一种非常简单,但是不是很优化的方法,继承Lucene.Net.Analysis.Analyzer,实现了Lucene.Net.Analysis.Analyzer,Lucene.Net.Analysis.Tokenizer,Lucene.Net.Analysis.TokenFilter的子类.参考了Lucene.Net.Analysis.Cn的实现,该项目采用对汉语进行一元分词.
ChineseAnalyer类,继承自Lucene.Net.Analysis.Analyzer
using System;
using System.IO;
using System.Text;
using System.Collections;
using ShootSeg; //分词类的命名空间,该分词组件来源于http://www.shootsoft.net,开源项目,感谢作者
using Lucene.Net.Analysis;
namespace Lucene.Net.Analysis.CnByKing
{
public class ChineseAnalyzer : Analyzer
{
private Segment segment = new Segment(); //这个是自己的中文分词类
public ChineseAnalyzer()
{
segment.InitWordDics(); //在构造函数装载词典
segment.Separator = "|"; //分词间隔符号
}
public override sealed TokenStream TokenStream(String fieldName, TextReader reader)
{
TokenStream result = new ChineseTokenizer(reader,segment); //把分词类传引用进去
result = new ChineseFilter(result); //对处理好的结果进行过滤
return result;
}
}
}
ChineseTokenizer类继承自Lucene.Net.Analysis.Tokenizer
using System;
using System.IO;
using System.Text;
using System.Collections;
using System.Globalization;
using ShootSeg;
using Lucene.Net.Analysis;
namespace Lucene.Net.Analysis.CnByKing
{
public sealed class ChineseTokenizer : Tokenizer
{
private Segment segment;
private string[] Wordlist; //切好的词放入此数组中
private string Allstr; //对传入的流转成此string
private int offset = 0; int start = 0; int step = 0; //offset偏移量,start开始位置,step次数
public ChineseTokenizer(TextReader _in,Segment segment)
{
input = _in;
Allstr = input.ReadToEnd(); //把流读到Allstr
this.segment = segment; //继续传引用,这会才发现写的时候糊涂了,完全可以不用写
Wordlist = segment.SegmentText(Allstr).Split('|'); //把分好的词装入wordlist
}
private Token Flush(string str)
{
if (str.Length > 0)
{
return new Token(str,start, start + str.Length); //返回一个Token 包含词,词在流中的开始位置和结束位置.
}
else
return null;
}
public override Token Next() //重载Next函数,就是返回Token
{
Token token = null;
if (step <= Wordlist.Length)
{
start = Allstr.IndexOf(Wordlist[step], offset); //从Allstr里找每个分出来词汇的开始位置
offset = start + 1; //计算偏移量
token = Flush(Wordlist[step]); //返回已分词汇
step = step + 1; //变量+1,移动到wordlist的下一个词汇
}
return token;
}
}
}
这个ChineseFilter继承自Lucene.Net.Analysis.TokenFilter,完全照抄Lucene.Net.Analysis.Cn工程的同名类(此类过滤了数字及符号,英文助词,需要过滤其他相应增加代码)
using System;
using System.IO;
using System.Collections;
using System.Globalization;
using Lucene.Net.Analysis;
namespace Lucene.Net.Analysis.CnByKing
{
/* ====================================================================
* The Apache Software License, Version 1.1
*
* Copyright (c) 2004 The Apache Software Foundation.

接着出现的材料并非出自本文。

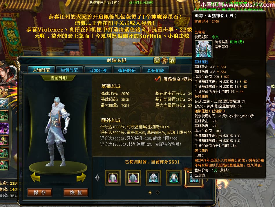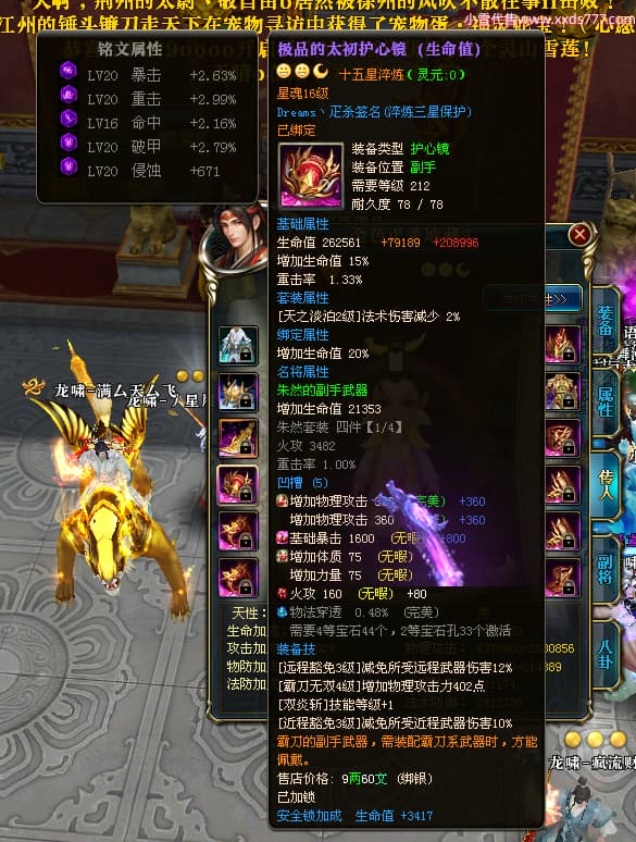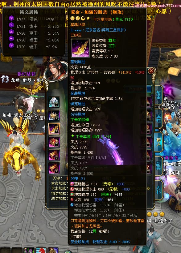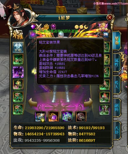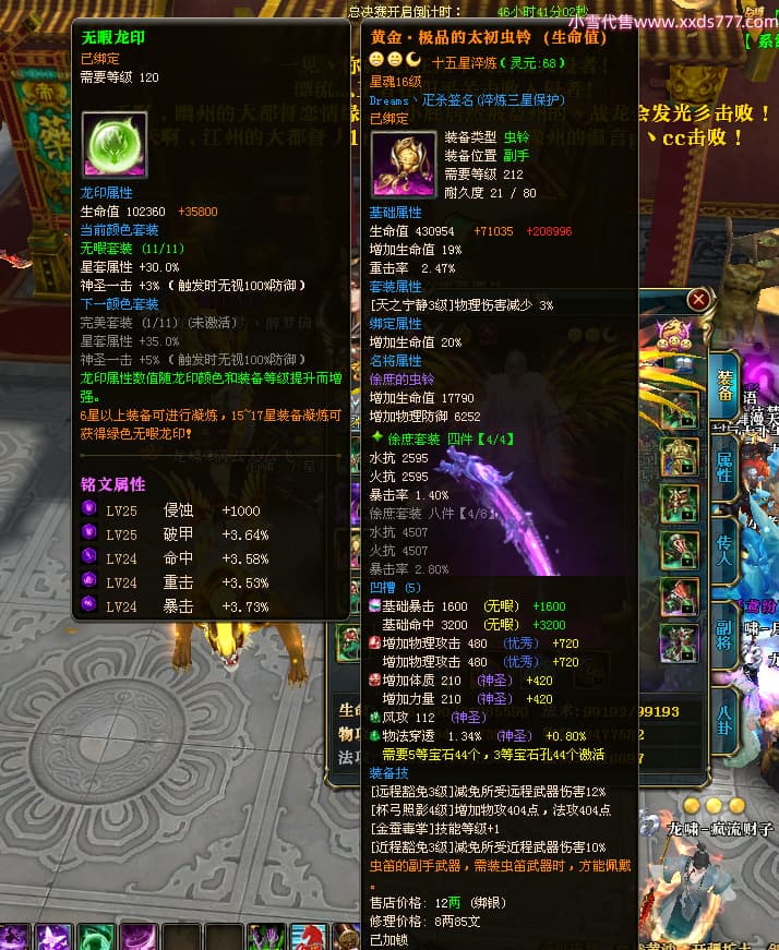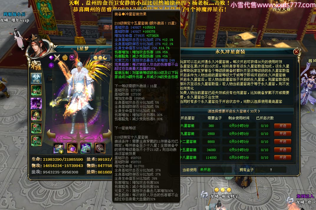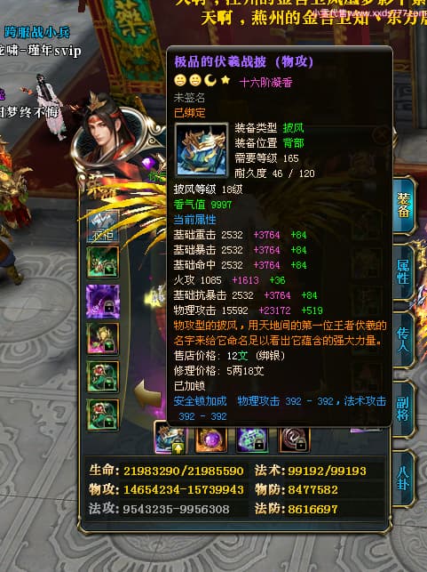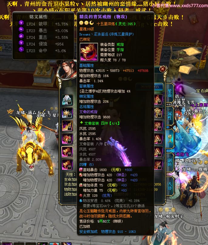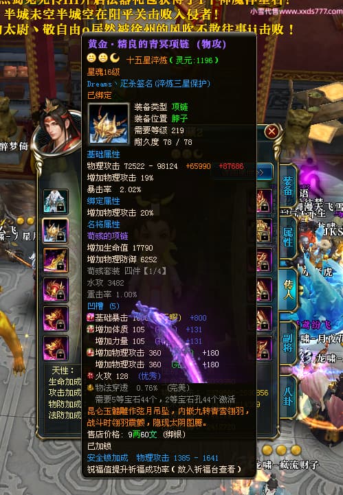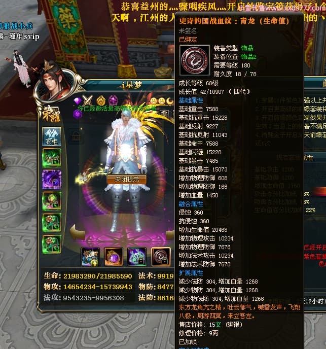 编号X25073 i星梦 龙啸风云 益州 本国排名27名 22322W战力 人物黄金极品橙15X(3件18X8件混沌) 传人精良紫15X 副将史诗紫12X 马普通橙12X 极品紫16披风 人物星魂16级 传人星魂15级 副将星魂6级 马星魂16级 人物铭刻1件18级5件16级其余15级 点亮16星 马铭刻12级 点亮12星 人物绿龙印(1件紫龙印) 马黄龙印(1件绿龙印) 六等单双属性神圣完美无暇石头 黄绿孔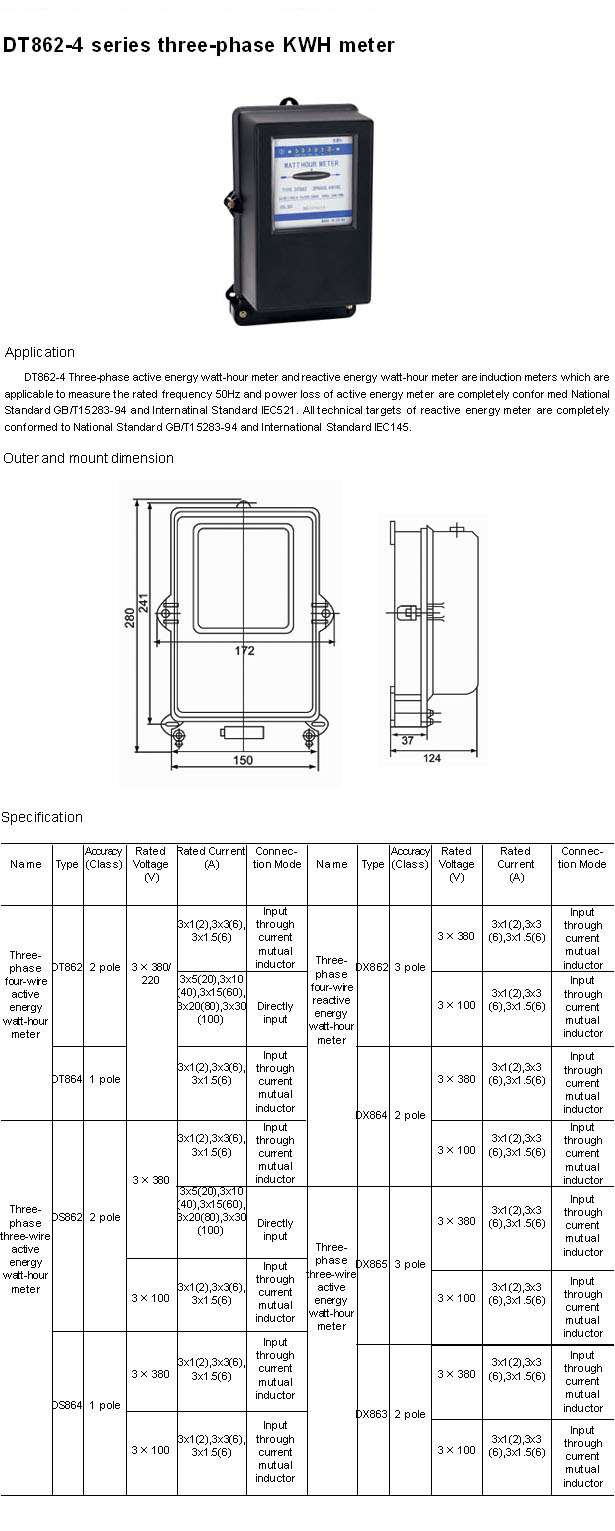 - DT862-4 Series Three-Phase KWH Meter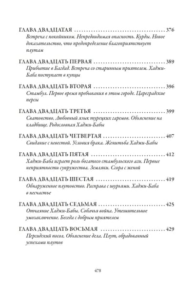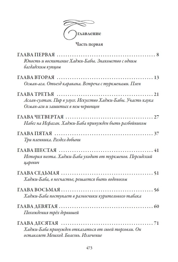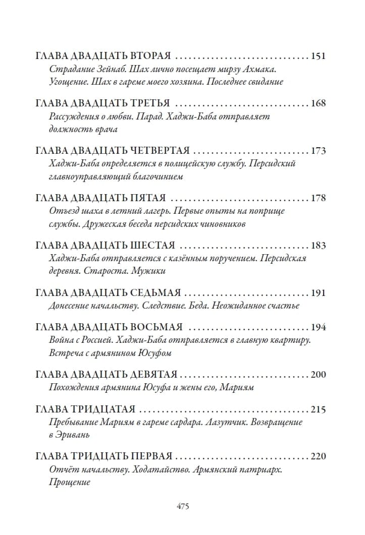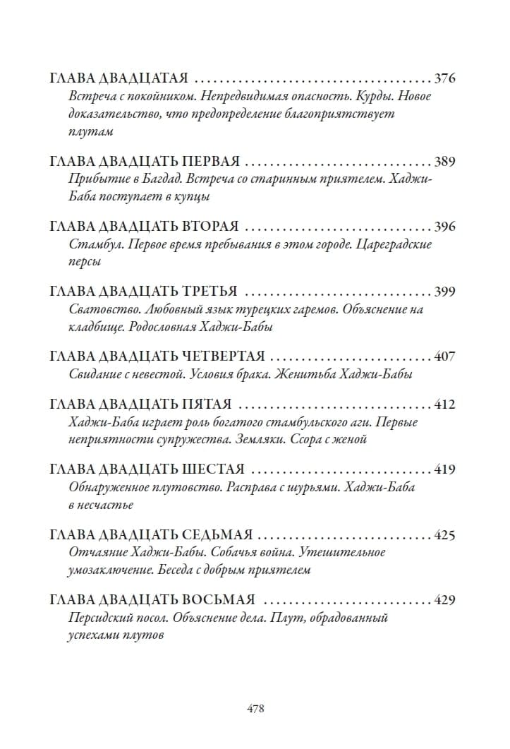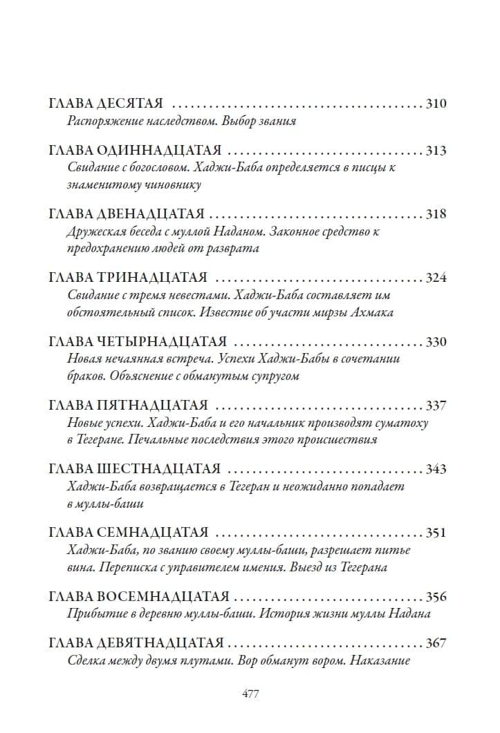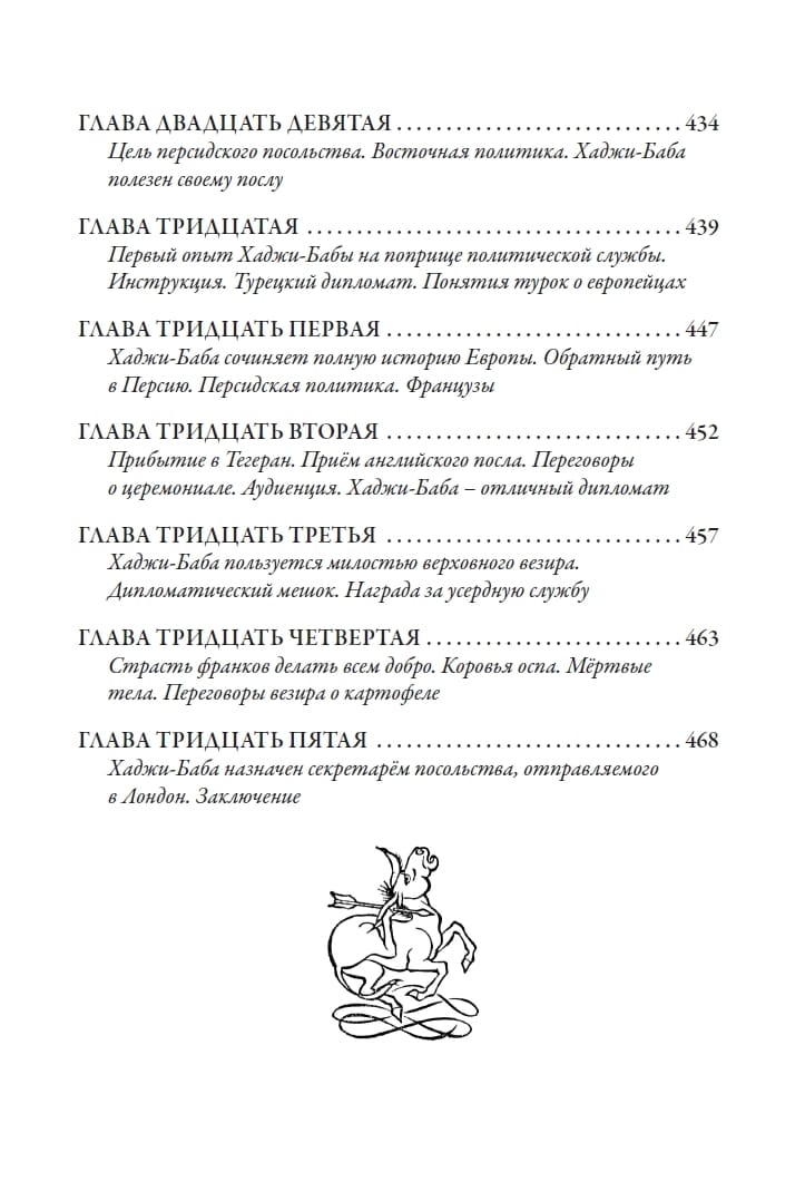 Роман «Похождения Хаджи-Бабы из Исфагана» — наиболее известное произведение английского дипломата и писателя Джеймса Джастина Мориера (1780–1849). Главный герой романа, слегка напоминающий Ходжу Насреддина или Тиля Уленшпигеля, беспощадно высмеивает человеческую подлость, ханжество и лживость. Текст в блестящем переводе полиглота Осипа Сенковского позволяет в полной мере насладиться атмосферой восточного мира. Издание украшают рисунки шотландского художника XIX в. Гарольда Миллара и американского живописца Сайруса Болдриджа.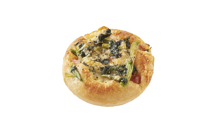 じゃがいも入りのファーマーズ生地に、バターフィリングと和えたほうれん草、ソーセージ、ミックスチーズを組み合わせました。
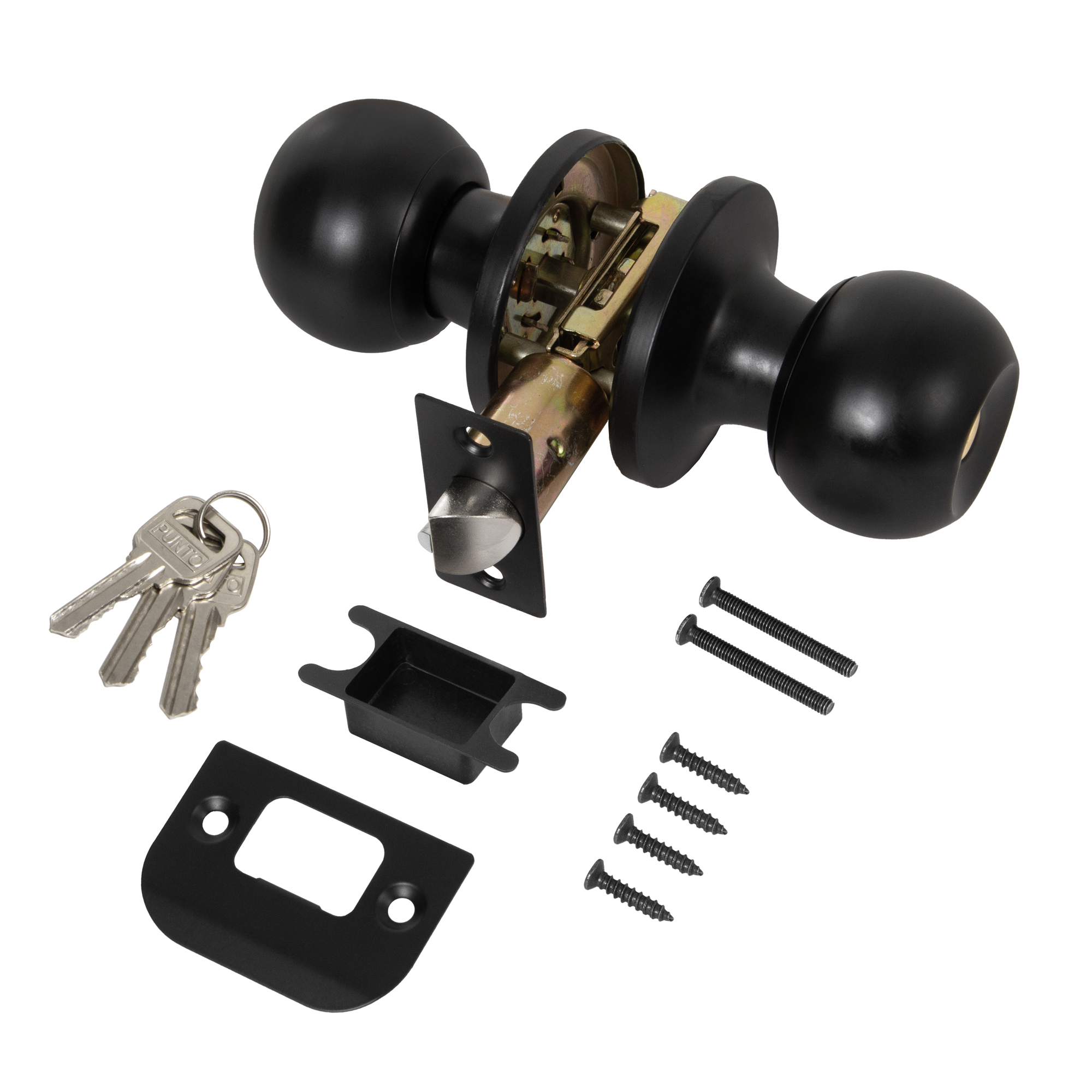 Комплект дверных ручек с защелкой (KNOB) Punto предназначен для установки в межкомнатные двери толщиной 35-45 мм. Подходит для дверей правого и левого открывания. Гальваническое покрытие прошло тест на устойчивость к коррозии в соляном тумане и соответствует 1 классу ГОСТ. Бэксет защелки регулируется - 60/70 мм. Материал изготовления: сталь. Комплектация: защелка, ответная планка с декоративной заглушкой, дверные ручки, крепежная фурнитура, шаблон и инструкция по установке.

All rights
* reserved.
*
* Redistribution and use in source and binary forms, with or without
* modification, are permitted provided that the following conditions
* are met:
*
* 1. Redistributions of source code must retain the above copyright
* notice, this list of conditions and the following disclaimer.
*
* 2. Redistributions in binary form must reproduce the above copyright
* notice, this list of conditions and the following disclaimer in
* the documentation and/or other materials provided with the
* distribution.
*
* 3. The end-user documentation included with the redistribution,
* if any, must include the following acknowledgment:
* "This product includes software developed by the
* Apache Software Foundation (http://www.apache.org/)."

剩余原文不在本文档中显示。